伴隨著一聲聲響,整個天空都被絢麗多彩的煙花給覆蓋了。

“真美。”

白凝風微微側頭,看向她微擡的眸子裏仿佛落進了萬千繁華,隨著煙花齊齊盛開,十分耀眼。他回應道:“是很美。”

“啊,又下雪了。”蘇亞望著雪花隨著煙花飄落,洋洋灑灑,他驚嘆道:“這還真是一個美麗的夜晚。”

這時,遠處的鐘聲傳了過來,一聲聲,悠遠而冗長。蘇小美不禁擡眸看向青峰寺那個位置,沒想到那裏的鐘聲能傳到這裏。

她望向天空,目光思遠,隨即低嘆一聲,輕聲道:“新年快樂……”北陵辰。

邊關常年大雪紛紛,即便是今天,鵝毛大雪簌簌落下,沒有了往日的狂風,倒也靜謐。

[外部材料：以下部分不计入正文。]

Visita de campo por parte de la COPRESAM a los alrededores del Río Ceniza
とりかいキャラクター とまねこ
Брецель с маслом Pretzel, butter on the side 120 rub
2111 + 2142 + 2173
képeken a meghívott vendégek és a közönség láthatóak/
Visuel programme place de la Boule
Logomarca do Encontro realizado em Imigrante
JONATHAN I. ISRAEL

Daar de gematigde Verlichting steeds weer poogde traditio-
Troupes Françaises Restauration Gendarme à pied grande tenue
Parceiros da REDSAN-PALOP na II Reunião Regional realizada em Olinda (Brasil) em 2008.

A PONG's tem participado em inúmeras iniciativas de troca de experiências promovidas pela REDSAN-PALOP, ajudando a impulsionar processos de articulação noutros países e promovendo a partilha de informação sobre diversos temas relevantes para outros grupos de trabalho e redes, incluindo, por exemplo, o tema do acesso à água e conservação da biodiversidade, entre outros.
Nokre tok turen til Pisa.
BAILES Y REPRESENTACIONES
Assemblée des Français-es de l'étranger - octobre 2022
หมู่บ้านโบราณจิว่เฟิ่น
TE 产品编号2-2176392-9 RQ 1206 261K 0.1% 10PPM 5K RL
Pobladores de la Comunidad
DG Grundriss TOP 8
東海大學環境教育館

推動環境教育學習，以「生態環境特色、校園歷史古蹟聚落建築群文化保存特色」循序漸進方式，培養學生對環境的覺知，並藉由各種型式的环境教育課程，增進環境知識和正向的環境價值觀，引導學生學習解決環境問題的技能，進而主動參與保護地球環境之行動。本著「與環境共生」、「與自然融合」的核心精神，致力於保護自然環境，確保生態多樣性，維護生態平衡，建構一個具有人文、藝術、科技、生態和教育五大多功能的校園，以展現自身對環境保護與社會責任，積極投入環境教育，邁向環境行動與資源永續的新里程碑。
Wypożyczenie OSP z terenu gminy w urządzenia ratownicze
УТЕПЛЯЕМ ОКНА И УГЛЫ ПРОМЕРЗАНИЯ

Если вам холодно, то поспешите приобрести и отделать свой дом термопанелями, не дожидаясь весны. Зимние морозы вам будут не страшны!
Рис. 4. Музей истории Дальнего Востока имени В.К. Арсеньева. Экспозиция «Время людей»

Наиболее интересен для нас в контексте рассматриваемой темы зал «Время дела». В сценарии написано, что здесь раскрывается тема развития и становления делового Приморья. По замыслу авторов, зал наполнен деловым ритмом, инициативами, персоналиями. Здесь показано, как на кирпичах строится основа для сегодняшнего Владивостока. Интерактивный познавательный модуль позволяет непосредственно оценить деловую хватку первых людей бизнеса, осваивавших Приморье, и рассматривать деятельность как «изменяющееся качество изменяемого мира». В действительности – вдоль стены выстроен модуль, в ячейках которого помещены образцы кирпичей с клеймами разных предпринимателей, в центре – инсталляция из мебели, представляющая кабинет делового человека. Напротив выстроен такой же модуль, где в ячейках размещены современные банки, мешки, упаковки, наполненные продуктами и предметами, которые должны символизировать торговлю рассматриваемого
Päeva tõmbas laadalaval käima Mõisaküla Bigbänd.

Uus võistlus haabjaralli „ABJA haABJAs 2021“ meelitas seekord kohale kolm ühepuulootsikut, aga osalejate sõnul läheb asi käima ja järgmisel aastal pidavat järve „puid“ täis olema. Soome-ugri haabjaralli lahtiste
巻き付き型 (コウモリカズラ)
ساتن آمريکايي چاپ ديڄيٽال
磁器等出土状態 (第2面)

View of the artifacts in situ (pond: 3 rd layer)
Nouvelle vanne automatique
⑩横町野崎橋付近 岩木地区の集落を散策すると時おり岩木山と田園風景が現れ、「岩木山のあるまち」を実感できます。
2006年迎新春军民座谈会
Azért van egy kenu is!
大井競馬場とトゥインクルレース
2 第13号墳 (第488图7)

陵陽城裏,每家每戶也在迎接著新的一年,紛紛掛上了門神和燈籠。

“……王爺,今天是年三十,下官代表邊關城的百姓們敬您一杯!若不是您,恐怕北丹這些蠻子不會善罷甘休。”

楊賀端起酒杯,說得義正言辭。

坐在為首的北陵辰看了他一眼,嘴角微扯,不知是嘲諷還是什麽,他目光落在下面這群將領身上,道:“這些都是本王兄弟們的功勞,你更應該敬他們!”

“自然自然。”

楊賀說罷,轉身朝著底下坐著的將領,再次道:“我代表邊關百姓,敬各位將士一杯!”

“楊大人,你行不行啊?一杯怎麽成啊?大過年的,這麽熱鬧,來三杯唄!”

底下有人起哄,“三杯!三杯!”

“好!三杯就三杯!能跟你們一起過年,我開心!”

楊賀慷慨激昂的說完,便連喝了三杯。

南非也不動聲色地看了一眼北陵辰,隨即又不動聲色地看了一眼黃晁。看似平靜的今夜,暗中湧動著危機,他眼神瞇了瞇,今夜註定不太平!

觥籌交錯,酒過半旬。

大家喝得都有些高,楊賀起身對北陵辰道:“王爺,下官內急,可否……”

“去。”

北陵辰連眼皮都沒擡一下,直接揮手讓他下去了。

底下有人再次起哄道:“楊大人,一路走好啊,可不要掉進茅坑裏還讓我們去撈你呀!”

“哈哈哈,就是啊!這大過年的,掉進茅坑影響多不好,是不是呀?”

“就是就是。”

“……”

楊賀裝作沒聽到,表面鎮定自若和大家和藹一笑,隨即大步走了出去。

待他走後,黃晁也連忙起身,迫不及待道:“王爺……”

北陵辰此時披著一身黑色大衣,慵懶十足地靠在了椅背上,他低眸望著手中的杯子,頭也不擡,清冷道:“別急,再等會。”

“我們還有一場煙火要看,”南非也含笑看了一眼黃晁,舉杯對他道:“可別浪費了人家給我們準備的驚喜。在下敬黃將軍一杯,祝你新年快樂,明年趕緊娶個媳婦吧!都老大不小的了!”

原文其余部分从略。